II. Compétences visées et cartographie des métiers
L’acquisition des savoirs de cette UE forge trois compétences stratégiques. D’abord, la maîtrise des modèles de planification du changement pour devenir consultant. Ensuite, la conception de stratégies d’innovation managériale pour évoluer comme manager de la transformation. Enfin, le pilotage de programmes d’évaluation territoriale pour officier comme chef de projet développement communautaire. Ces compétences répondent à un besoin critique en RDC : des professionnels capables de structurer la modernisation des organisations publiques, privées et associatives, garantissant leur pertinence et leur pérennité.
III. Méthodologie d’évaluation et projet intégrateur
Votre évaluation repose sur une mise en situation radicalement pragmatique. Elle culmine avec la réalisation d’un projet intégrateur : l’audit complet d’une organisation congolaise de votre choix et la production d’une feuille de route détaillée pour sa transformation. Ce travail, défendu devant un jury, synthétisera votre capacité à appliquer les modèles de Lewin, Kotter et Schein à un cas réel. Il ne s’agit pas d’un exercice académique, mais de la première pièce de votre portfolio professionnel en tant que stratège du changement.

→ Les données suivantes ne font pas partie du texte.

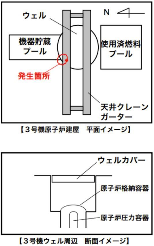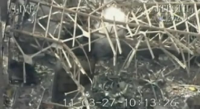 En fait, Tepco fait semblant de ne pas savoir, comme d’habitude. Il faut revenir en mars 2011 pour comprendre ce qui se passe. Une vidéo aérienne prise le 27 mars 2011 montre très clairement que le confinement du réacteur 3 était atteint après l’explosion du 14 mars 2011. Voyez ce cliché extrait de cette vidéo : de la vapeur s’échappe du centre du bâtiment en ruine, côté nord. On distingue bien la fosse de rangement de matériel, et la vapeur qui s’échappe à sa droite.

PARTIE 1 : FONDEMENTS ET MODÈLES CANONIQUES DU CHANGEMENT
Chapitre I. Archéologie du concept de changement organisationnel
Le concept de changement planifié, formalisé par Kurt Lewin dans les années 1940, constitue la pierre angulaire de cette discipline. Sa vision d’un processus en trois temps (dégel, mouvement, reconsolidation) offre une grille de lecture structurante pour toute intervention. Ce chapitre déconstruit cette genèse pour en extraire les principes opératoires. En analysant les premières tentatives de transformation au sein des institutions post-indépendance en RDC, l’étudiant forgera une compétence fondamentale : diagnostiquer la maturité d’une organisation et bâtir la séquence d’actions la plus efficiente pour initier une transition réussie.

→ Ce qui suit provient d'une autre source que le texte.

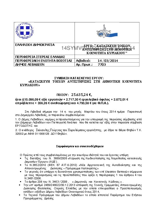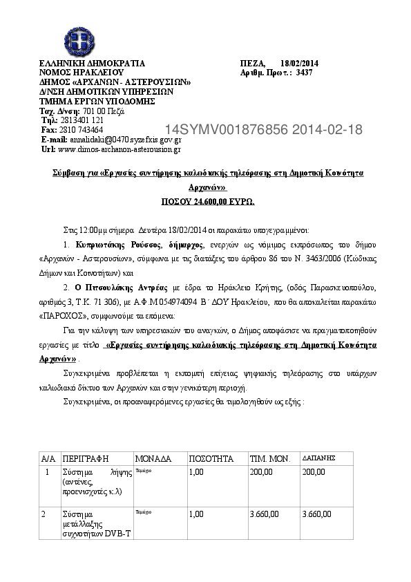 4. Σύμβαση για «Εργασίες συντήρησης καλωδιακής τηλεόρασης στη Δημοτική Κοινότητα Αρχανών»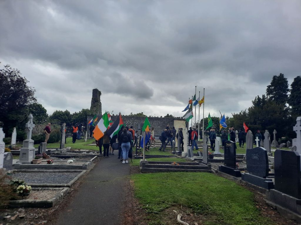 The anti-imperialists and socialist Republicans gathered in the Bodenstown area, Co. Kildare on Saturday 26th to commemorate “the Father of Irish Republicanism” at Wolf Tone’s graveside were fortunate in having a day overcast but remaining dry. A number of flags were flown in addition to the traditional Irish Republican ones and more than half the attendance was of young people. A few speeches were given, interspersed with songs and the organisers commented that attendance this year was a quintupling of that of the year before. The event was organised by the Seamus Costello Memorial Committee and such pilgrimages are part of a long tradition in Ireland.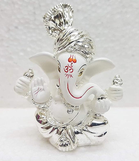 Gold Art India Ceramic Pagdi Ganesh Idol For Car Dashboard Small Ganesha Murti For Home Decor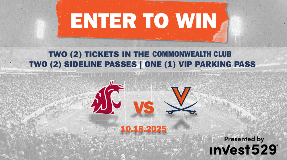 Complete the fields below to be entered to win two (2) tickets in the Commonwealth Club, two (2) sideline passes, and one (1) VIP parking pass for the UVA vs. Washington State game on Saturday, October 18th, courtesy of Invest529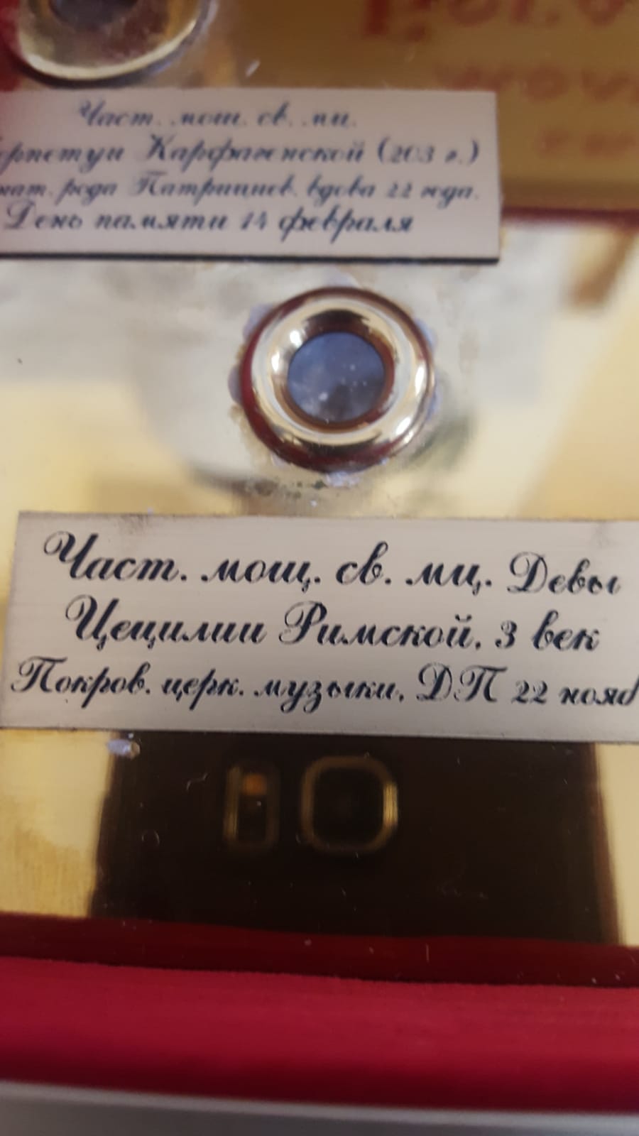7. Částice relikvie mučednice a panny Cecilie Římské (III stol.).

I.1 Le modèle de Kurt Lewin (Dégel-Mouvement-Reconsolidation)
Fondamental dans la psychologie sociale, le modèle tripartite de Lewin analyse le changement comme une modification des forces qui maintiennent le statu quo d’un système. La phase de dégel prépare le terrain, le mouvement opère la transition et la reconsolidation ancre les nouvelles pratiques. Appliqué à l’informatisation d’une administration publique à Kinshasa, ce modèle permet de planifier la communication et la formation pour surmonter les résistances initiales. L’étudiant apprendra à séquencer une intervention pour minimiser les perturbations et maximiser l’adoption des nouvelles procédures.
I.2 La courbe du changement de Kübler-Ross
Initialement développée pour décrire les étapes du deuil, la courbe de Kübler-Ross offre un puissant outil prédictif des réactions émotionnelles face au changement (choc, déni, colère, négociation, dépression, acceptation). Transposée à la fusion de deux PME à Lubumbashi, elle permet d’anticiper le moral des équipes et de déployer un accompagnement managérial adapté à chaque phase. L’apprenant développera la capacité de cartographier le parcours émotionnel des collaborateurs et de concevoir des actions de soutien ciblées pour maintenir l’engagement et la productivité.
I.3 Les huit étapes de John Kotter
Face au constat d’échec de 70% des initiatives de changement, John Kotter propose en 1995 un processus opérationnel en huit étapes, de la création d’un sentiment d’urgence à l’ancrage des nouvelles approches dans la culture. Cette feuille de route est un standard pour piloter des transformations d’envergure, comme la mise en place d’une nouvelle politique qualité au sein de la GECAMINES. En maîtrisant cette séquence, l’étudiant sera capable de structurer un plan d’action complet, de mobiliser une coalition d’acteurs et de piloter la communication stratégique.
I.4 Le modèle de croissance de Greiner
Une compréhension des crises de croissance successives est vitale pour tout manager. Le modèle de Greiner identifie cinq phases de développement organisationnel, chacune se terminant par une crise prévisible (de leadership, d’autonomie, de contrôle, de bureaucratie, etc.). Pour une startup du numérique à Goma passant de 10 à 100 employés, ce modèle permet d’anticiper les points de rupture structurels et managériaux. L’étudiant forgera la compétence d’anticiper ces crises et de concevoir les évolutions organisationnelles nécessaires pour assurer une croissance durable.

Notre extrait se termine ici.